▶ _Try it_: With any pictures left out, restate word for word the lines in the listing below from the one holding "โคมไฟเพดาน โครงเหล็กใบไม้สีทอง" through the last.

▶ _Provided records_:
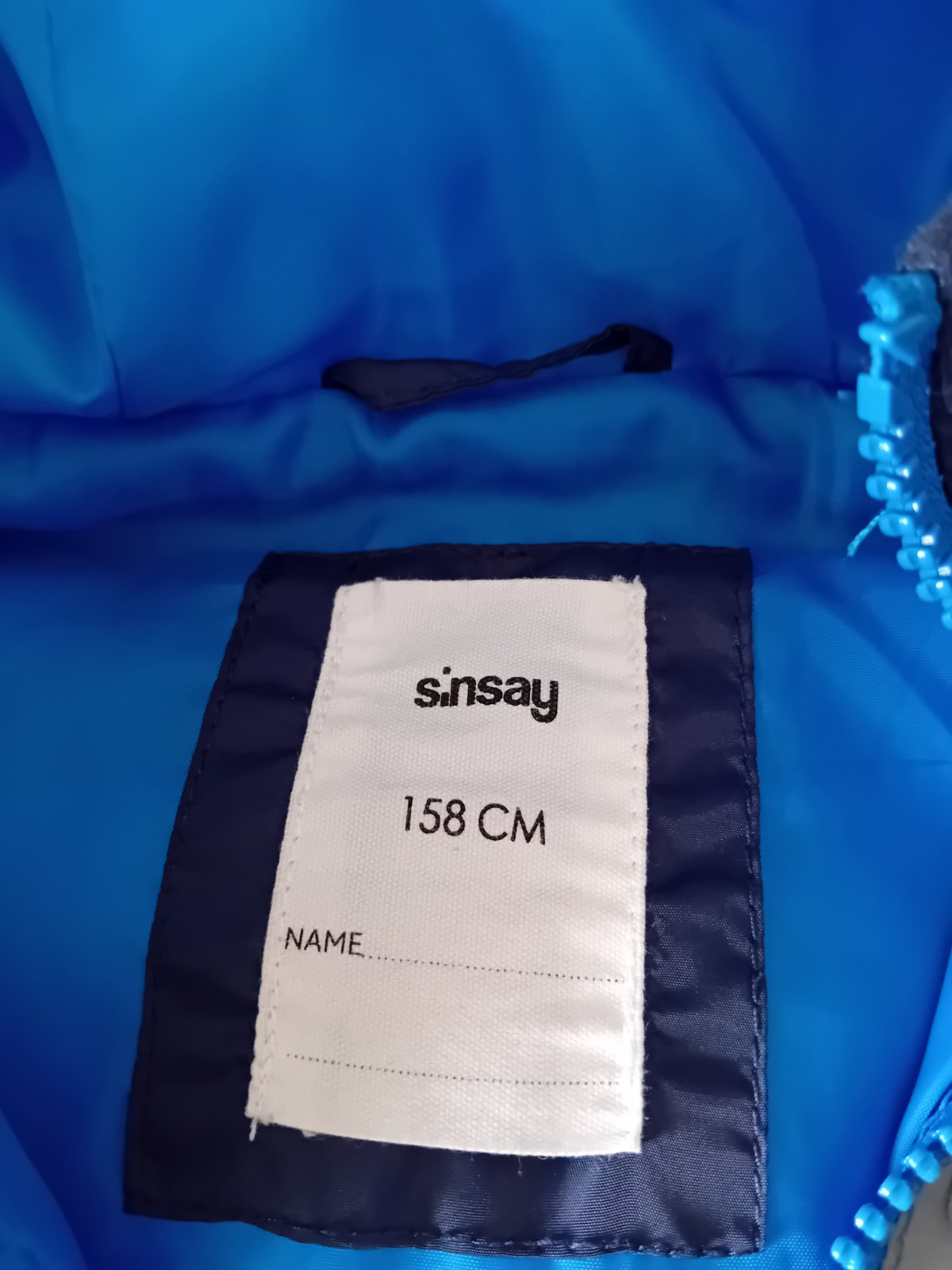Vesta s kapucňou značky Sinsay, veľkosť písaná M - zodpovedá 158. 2 vonkajšie vrecká, 2 vnútorné vrecká. Celková dĺžka 60cm, šírka 46cm.
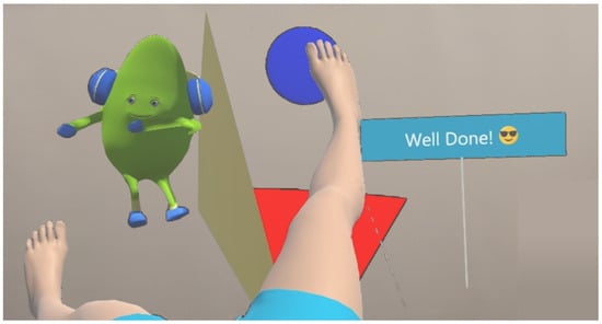 Given that LegUp is intended for bedridden patients, the game was designed to provide the patient with the necessary visual stimulus, taking into account psychological factors such as motivation and engagement, sense of control and autonomy, and social interaction and support [29,30]. To deliver this visual stimulus, digital goniometers measure dynamic joint movement across two planes simultaneously, transmitting these angles to the developed application. In the application, a virtual model performs leg movements based on the received angles, displaying the holograms through a HoloLens 2 device (Figure 5). The entire scene can be also visualized by the therapist through the LegUp user interface, which features real-time streaming from the HoloLens device.
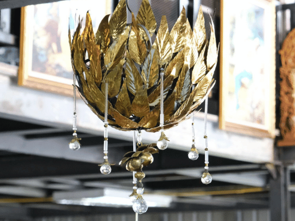 โคมไฟเพดาน โครงเหล็กใบไม้สีทอง
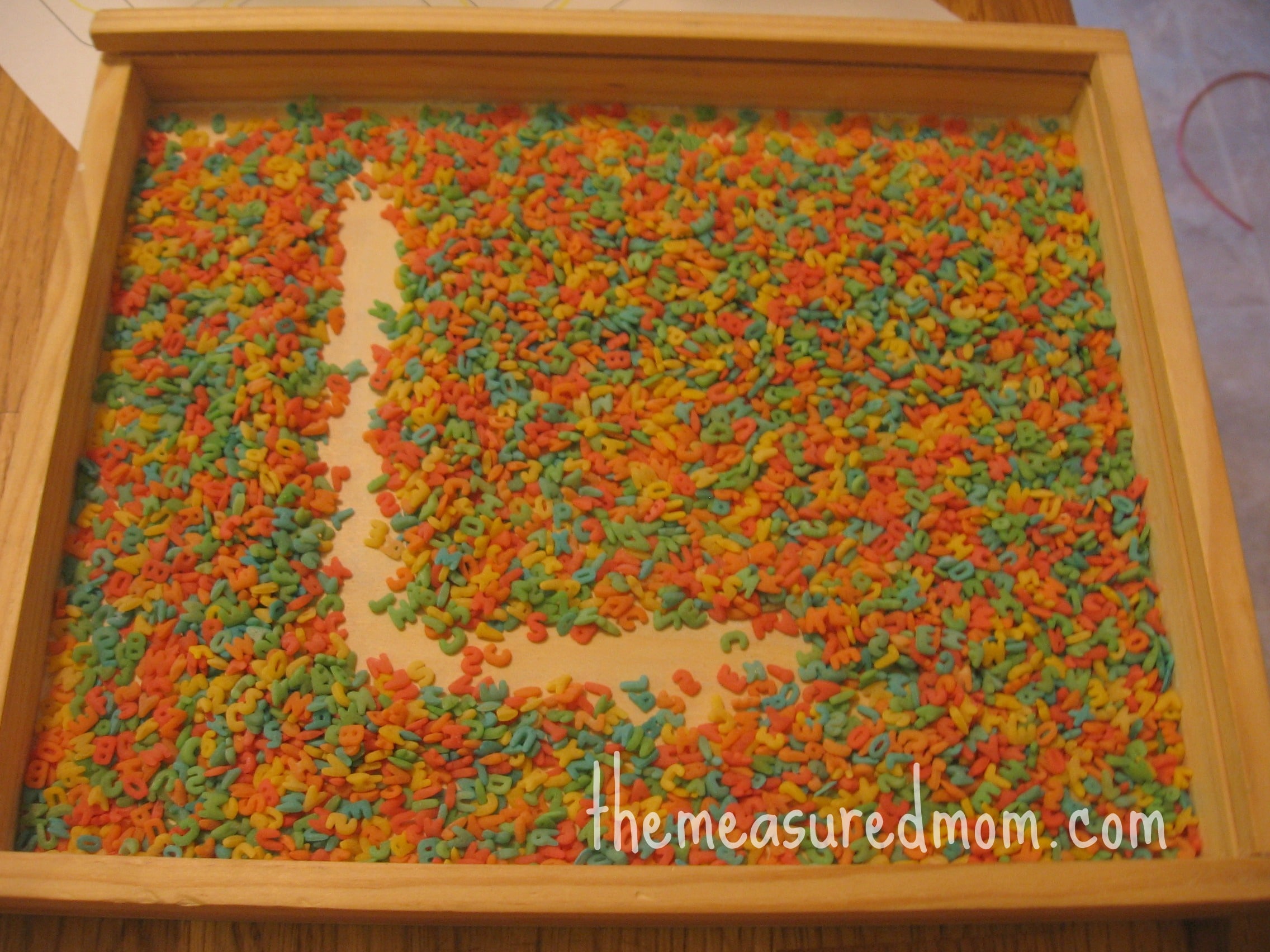 我倒了一些彩色字母意面(阅读我们的“L是字母”感官箱)在这里),男孩们用手指写了一个“L”。
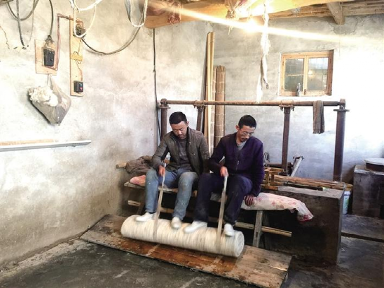 接著,父子幾人配合著,開始蹬簾子步驟?!皳{簾子的步驟最關(guān)鍵?!倍藕C髡f,蹬簾子的時(shí)候,蹬的時(shí)間長了不行,短了也不行,要掌握好時(shí)間,才能達(dá)到最好的效果。“哪都需要精細(xì)化,稍不精細(xì)就會(huì)出現(xiàn)氈散了、爛了,做不成功就廢了?!闭f著,杜占財(cái)和杜占福在杜海明的帶領(lǐng)下,三人用雙腳,來來回回仔細(xì)地進(jìn)行著搟簾子。

▶ _Problem solution_:
 โคมไฟเพดาน โครงเหล็กใบไม้สีทอง
 我倒了一些彩色字母意面(阅读我们的“L是字母”感官箱)在这里),男孩们用手指写了一个“L”。
 接著,父子幾人配合著,開始蹬簾子步驟?!皳{簾子的步驟最關(guān)鍵?!倍藕C髡f,蹬簾子的時(shí)候,蹬的時(shí)間長了不行,短了也不行,要掌握好時(shí)間,才能達(dá)到最好的效果。“哪都需要精細(xì)化,稍不精細(xì)就會(huì)出現(xiàn)氈散了、爛了,做不成功就廢了?!闭f著,杜占財(cái)和杜占福在杜海明的帶領(lǐng)下,三人用雙腳,來來回回仔細(xì)地進(jìn)行著搟簾子。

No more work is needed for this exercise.